Each line below from the line with "Figuur 2 is" to the line with "Figure 3-33 Send" must be copied exactly, including those two, and no picture may appear in the copy.

▸ STUDY MATERIAL:
BEGIN

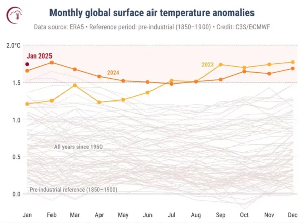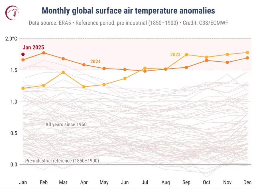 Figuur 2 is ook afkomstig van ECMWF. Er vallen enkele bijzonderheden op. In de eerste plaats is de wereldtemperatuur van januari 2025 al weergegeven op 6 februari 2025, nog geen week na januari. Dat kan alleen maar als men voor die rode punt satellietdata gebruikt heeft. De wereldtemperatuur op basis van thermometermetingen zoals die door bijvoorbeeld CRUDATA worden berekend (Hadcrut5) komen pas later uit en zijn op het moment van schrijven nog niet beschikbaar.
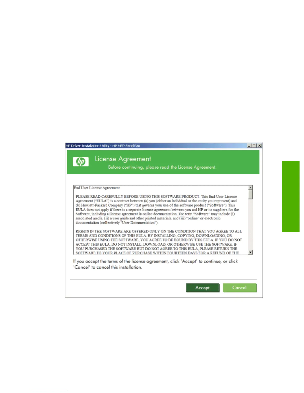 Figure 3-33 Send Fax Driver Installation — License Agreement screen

END
BEGIN

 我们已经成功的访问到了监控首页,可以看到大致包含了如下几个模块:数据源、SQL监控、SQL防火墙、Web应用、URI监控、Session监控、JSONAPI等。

END

▸ EXPECTED ANSWER:
 Figuur 2 is ook afkomstig van ECMWF. Er vallen enkele bijzonderheden op. In de eerste plaats is de wereldtemperatuur van januari 2025 al weergegeven op 6 februari 2025, nog geen week na januari. Dat kan alleen maar als men voor die rode punt satellietdata gebruikt heeft. De wereldtemperatuur op basis van thermometermetingen zoals die door bijvoorbeeld CRUDATA worden berekend (Hadcrut5) komen pas later uit en zijn op het moment van schrijven nog niet beschikbaar.
 Figure 3-33 Send Fax Driver Installation — License Agreement screen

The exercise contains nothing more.